2.2 Disbursements and Expenses
In providing services we may incur disbursements or have to make payments to third parties on your behalf. These will be included in our invoice to you when the expense is incurred. We may require an advance payment for the disbursements or expenses which we will be incurring on your behalf.
These disbursements and expenses are charged to you at the same amount they are charged to us.
2.3 General Office Services
We also charge for general office services in addition to our fees, for things such as photocopying, facsimile charges, telephone calls, postage and deliveries, and other similar things.
Is payable by you on our fees and charges.
We will send interim invoices to you, usually monthly, and on completion of the matter, or termination of our engagement. We may also send you an invoice when we incur a significant expense.
Invoices are payable upon receipt, unless alternative arrangements have been made with us.
If an invoice is not paid when due, then we may elect:
a. to deduct any money outstanding from any other money we are holding on your behalf;
b. not to do any further work, and to retain custody of your documents or files, until all accounts are paid in full; or
c. to charge interest at 10% per annum on any amount outstanding one month after the date of the invoice (with interest payable from the date of the invoice up to and including the date of payment).

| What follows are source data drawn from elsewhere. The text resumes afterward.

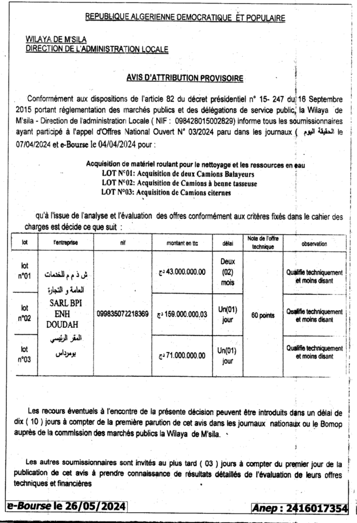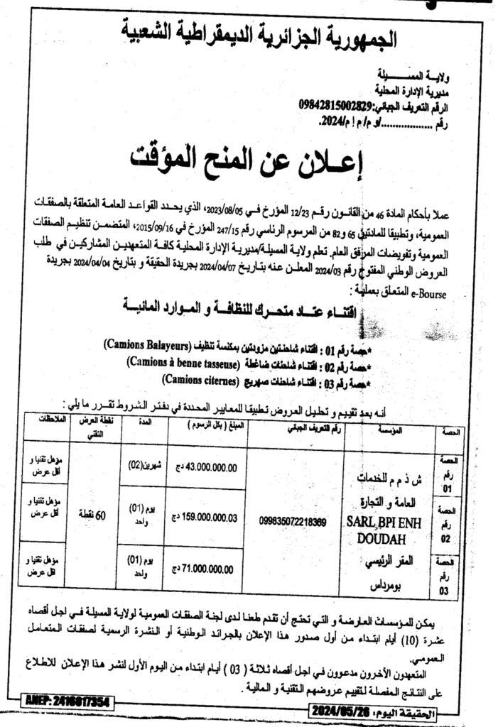 إعلان عن المنح المؤقت اقتناء عتاد متحرك للنظافة والموارد المائية / مديرية الادارة المحلية لولاية المسيلة
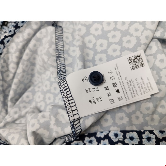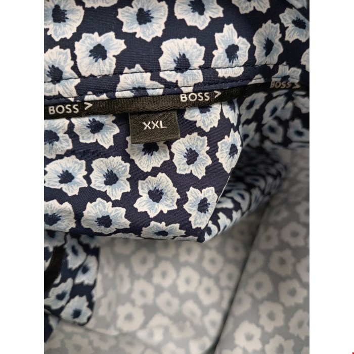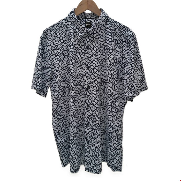 HUGO BOSS Men's UK Size XXL Slim Fit Blue Floral Short Sleeve Shirt
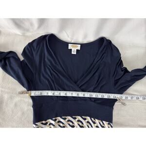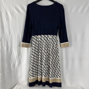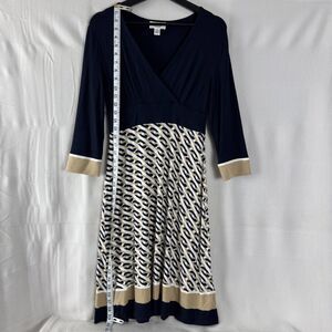 Talbots Petite Sz 2P Wrap Chain Link Print Stretch A Line Midi Dress Navy White
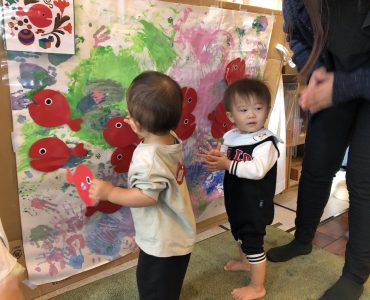 みんなで見つけて大きな水槽に入れてあげよう。どこに赤いきんぎょがかくれているかな?!
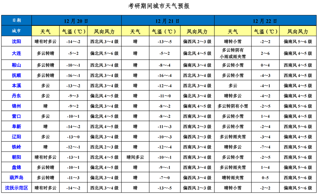 12月18日,辽宁省气象台发布考研期间(12月20日~22日)气象信息专报,预计考研期间,我省天气以晴为主;20日~21日东北部地区气温将下降6~10℃,其他大部地区下降4~6℃,21日早晨大连地区最低气温为-8~-3℃,北部地区为-16~-14℃,其他大部地区为-13~-9℃;22日白天中西部地区阵风可达7~8级。考研期间气温较低,体感较冷,建议考生做好防寒保暖工作。

We may ask you to pre-pay amounts to us, or to provide security for our fees and expenses. You authorise us to:
a. debit against amounts pre-paid by you; and
b. deduct from any funds held on your behalf in our trust account,
any fees, expenses or disbursements for which we have provided an invoice.
2.8 Third Parties
Although you may expect to be reimbursed by a third party for our fees and expenses, and although our invoices may at your request or with your approval be directed to a third party, nevertheless you remain responsible for payment to us if the third party fails to pay us.
We will hold in confidence all information concerning you or your affairs that we acquire during the course of acting for you. We will not disclose any of this information to any other person except:
a. to the extent necessary or desirable to enable us to carry out your instructions; or
b. to the extent required by law or by the Law Society’s Rules of Conduct and Client Care for Lawyers.

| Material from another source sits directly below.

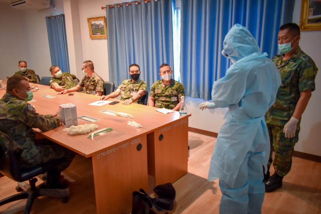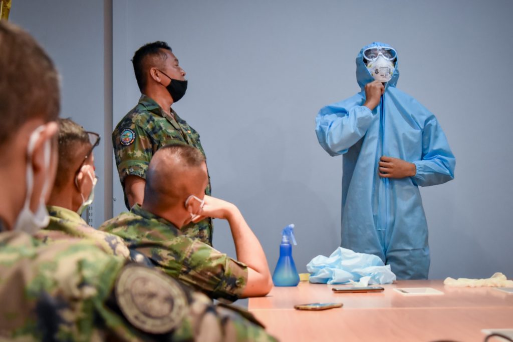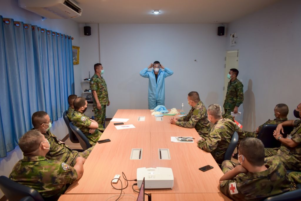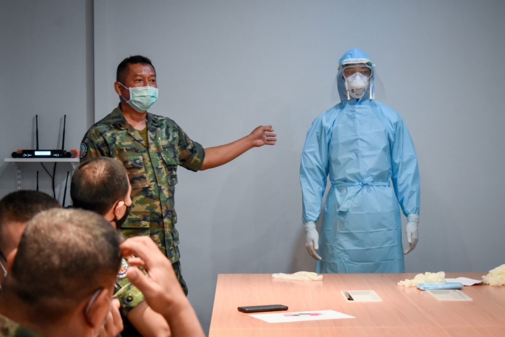 กองพันพยาบาล กรมสนับสนุน หน่วยบัญชาการต่อสู้อากาศยานและรักษาฝั่ง จัดการอบรม สาธิต และฝึกซ้อม การสวมอุปกรณ์ป้องกันส่วนบุคคล (Personal Protective Equipment : PPE) ให้กับกำลังพลในหน่วย เพื่อความพร้อมในการปฏิบัติงานด้านการคัดกรอง ป้องกัน และควบคุมโรคไวรัสโคโรน่า (Covid-19) ระหว่างวันที่ ๘ – ๑๑ ก.พ.๖๔ ณ ห้องประชุม พัน.พ.กรม สน.สอ.รฝ. / พัน.พ.กรม สน.สอ.รฝ / By admin จำนวนคนดู : 39
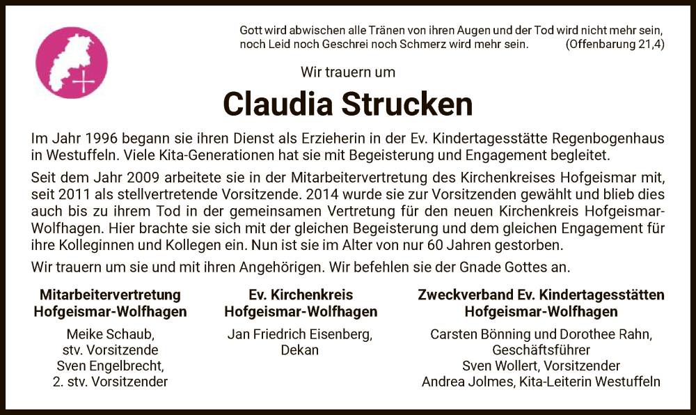 Hier finden Sie alle Traueranzeigen aus der Zeitung, die bisher für Claudia Strucken erschienen sind. Weitere Traueranzeigen, die in der Zeitung erscheinen, werden hier ebenfalls aufgelistet

Confidential information concerning you will as far as practicable be made available only to those within our firm who are providing legal services for you.

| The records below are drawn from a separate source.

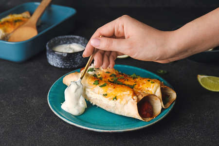 enchiladas stuffed with vegetables and meat with melted mayonnaise on a wooden table
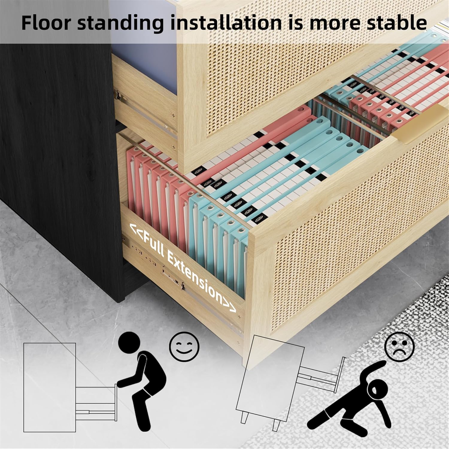 - 【Elegant Appearance Filing Cabinet】 Real Rattan design of the filing cabinet is beautiful, Simple line will be a good choice for your home, office, school, conference, etc. Wood lateral filing cabinet suitable for various interior decorations, and can also be used as home office storage cabinet or printer stand.Warm colors make your work environment less oppressive and more relaxed compared to black and white
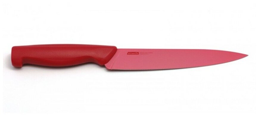 Нож для нарезки "Atlantis" изготовлен из японской высокоуглеродистой нержавеющей стали. Прочный и острый клинок обеспечивает идеальную нарезку мяса, овощей, сыра и других продуктов. Безопасное покрытие лезвия не дает пище прилипать к ножу. Эргономичная рукоятка изготовлена из пластика с антибактериальной защитой Microban, которая замедляет рост бактерий, вызывающих пятна и неприятный запах. Яркий дизайн, а также красивое сочетание красных оттенков клинка и ручки добавит красок в интерьер вашей кухни. Характеристики: Материал: нержавеющая сталь, пластик. Цвет: красный. Длина лезвия: 18 см. Общая длина ножа: 29,5 см. Размер упаковки: 39,5 см х 8,5 см х 2 см. Артикул: 7S-R.
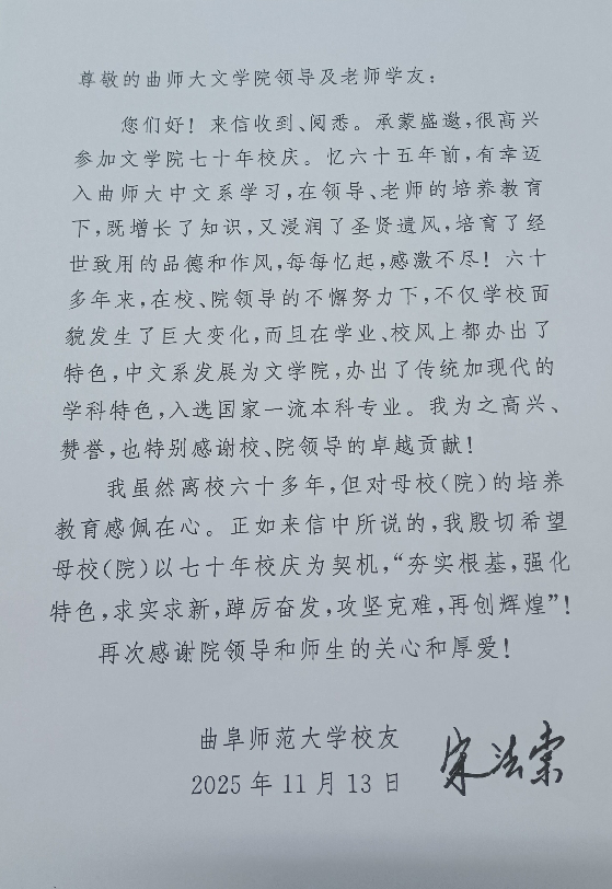 2025年是91视频 建校70周年和91视频 建院70周年。2025年10月17日、18日,91视频 建院70周年和91视频 建校70周年庆祝大会隆重举行,1960级校友、原中央委员、黑龙江省委原书记、全国人大教科文卫委员会原副主任委员宋法棠作为杰出校友出席庆祝大会。院校双庆圆满礼成之时,91视频 师生对宋法棠校友长期以来对母校(院)事业发展的关心支持充满敬意,对其以八十五岁高龄不辞辛劳拨冗莅临甚是感动,特奉书致谢。收到感谢信后,宋法棠校友于2025年11月13日给91视频 师生回信。
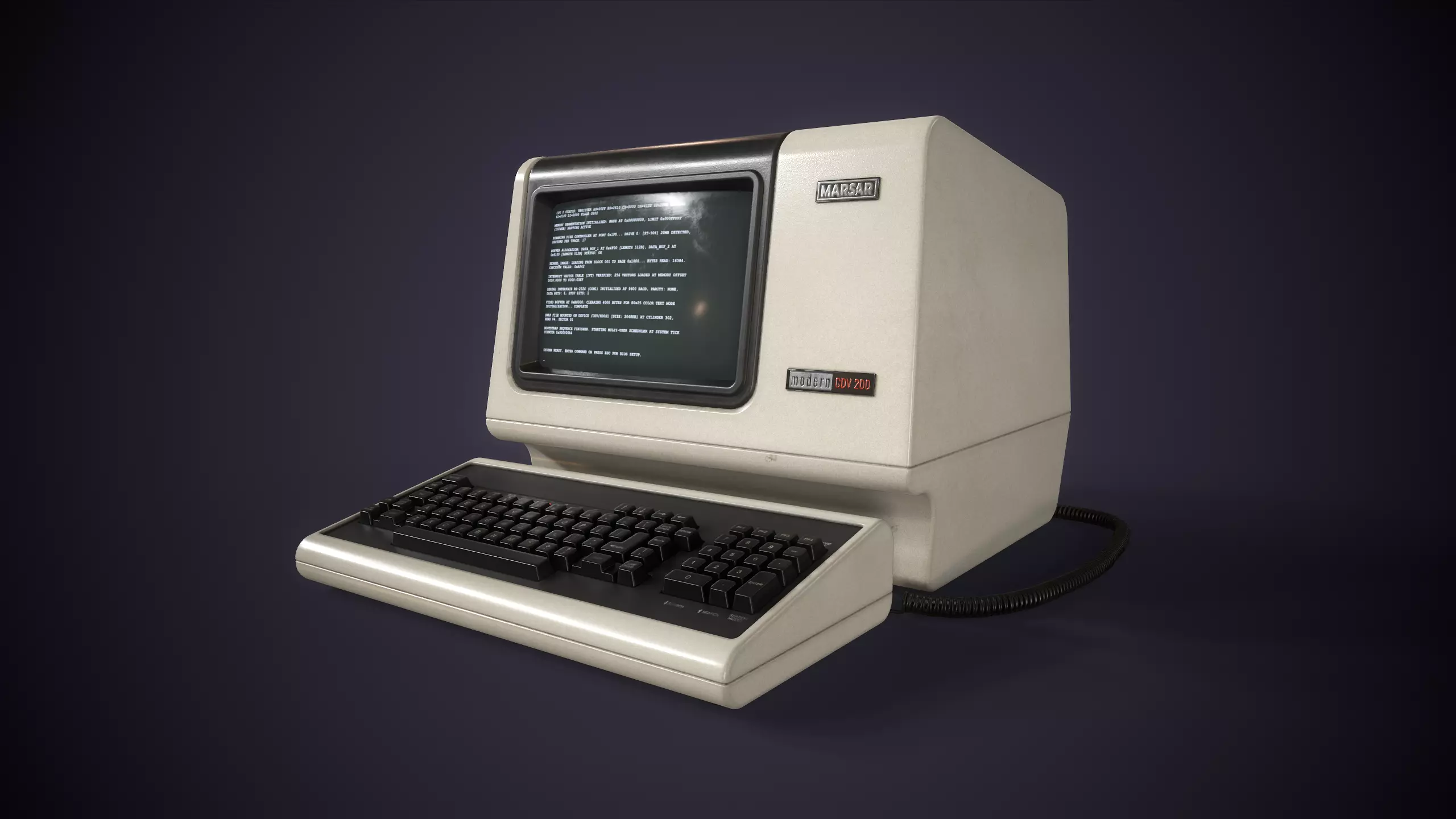 The coiled cable is a separate object, allowing the terminal to be used with or without it. Ideal for retro office, laboratory, or bunker environments.

We will of course, not disclose to you confidential information which we have in relation to any other client.
You may terminate our retainer at any time.
We may terminate our retainer in any of the circumstances set out in the Law Society’s Rules of Conduct and Client Care for Lawyers.
If our retainer is terminated you must pay us all fees due up to the date of termination and all expenses incurred up to that date.
5. Retention of Files and Documents
We retain the files we establish on a matter, and any documents you leave with us, for at least six years after completion or termination of the matter. We may then destroy the files and documents. Other arrangements can be made if you prefer.
If at your request or if we are obliged to do so, we destroy any files or other documents in advance of our usual document destruction date, then any liability we may have in relation to the matter, files and/or documents however arising will be deemed to have been waived and will end, and you will indemnify and hold us harmless against any liability to a third party.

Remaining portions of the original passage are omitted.